Transport properties

Nanotubes respond to gas attacks

06 Jan 2005

Physicists in the US and Sweden have shown that the electrical resistance of a carbon nanotube changes when it is hit by an atom or molecule. The new results will need to be taken into account in devices that rely on nanotubes as chemical sensors (H E Romero et al. 2005 Science 307 89).

Carbon nanotubes are rolled up sheets of graphite that display novel electronic properties as a result of their one-dimensional structure. Nanotubes also display mechanical strength along their length, but can be easily deformed in the radial direction.

Hugh Romero and Peter Eklund of Pennsylvania State University, and Kim Bolton and Arne Rosen of Göteborg University and Chalmers University of Technology have now shown that the tiny deformations or dents caused by collisions with various gas species can change the electronic properties of the nanotubes.
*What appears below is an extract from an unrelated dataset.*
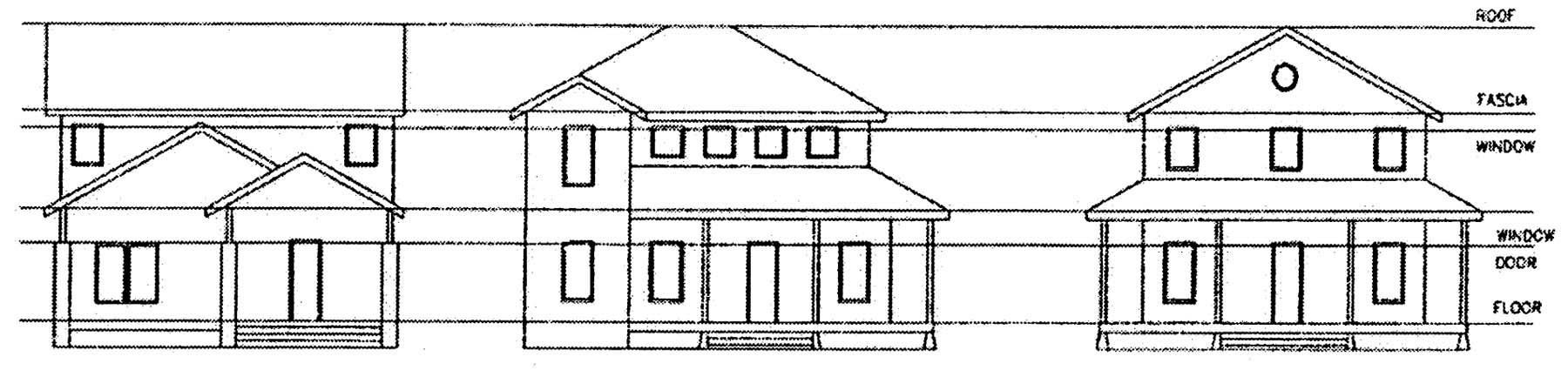 • Contrasting wall materials or trim emphasizing the upper part of the upper story.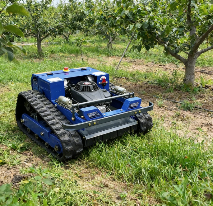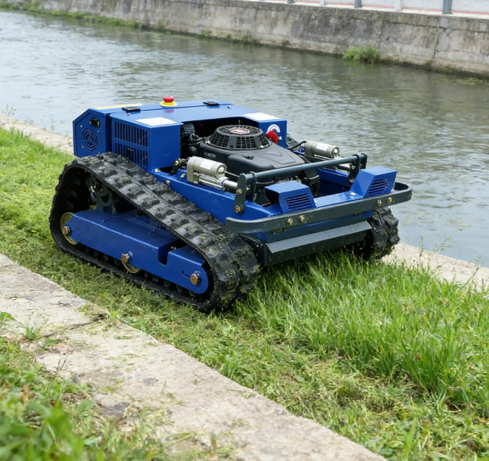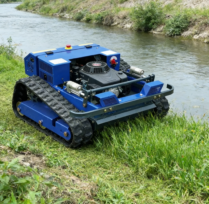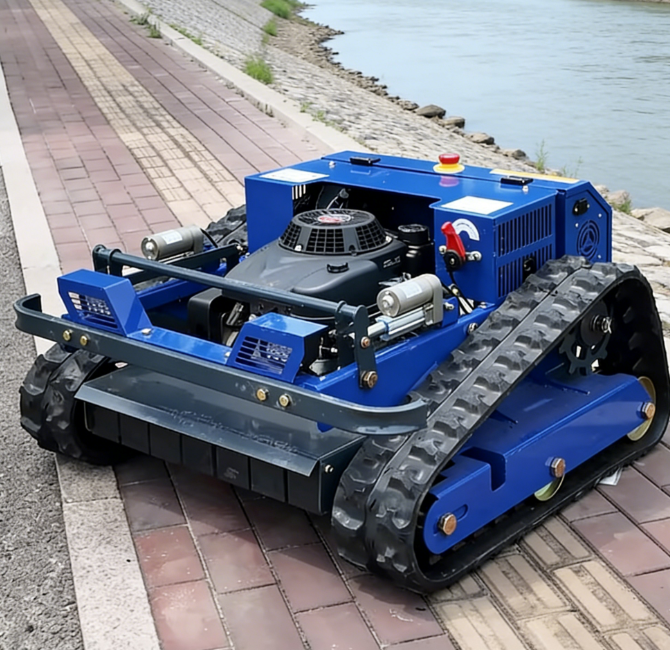 เครื่องตัดหญ้าหุ่นยนต์รุ่นใหม่ พร้อมรางตีนตะขาบสำหรับทุกสภาพพื้นผิว ดีไซน์ขนาดเล็ก ระดับอุตสาหกรรม ใช้เชื้อเพลิงเบนซิน ควบคุมด้วยรีโมท

The team measured how the thermoelectric power and electrical resistance of thin films containing bundles of single-wall nanotubes (SWNT) changed when they were exposed to the various gases at a pressure of around one atmosphere. The nanotubes in the sample were between 1 and 1.6 nanometres in diameter and several microns long.

Romero and co-workers studied the effects of collisions of inert gas atoms (helium, neon, argon, krypton and xenon) and small molecules (methane and nitrogen), and found that changes in both the thermopower and the resistance increased with the cube root of the mass of the atom or molecule.

“Our work shows that carbon nanotubes can be used to detect gases that are very difficult to observe with current measurement techniques,” says Bolton. “When the walls are deformed by collisions with a gas, the flow of electricity is hindered and this allows us to measure the presence — and pressure — of the gas.”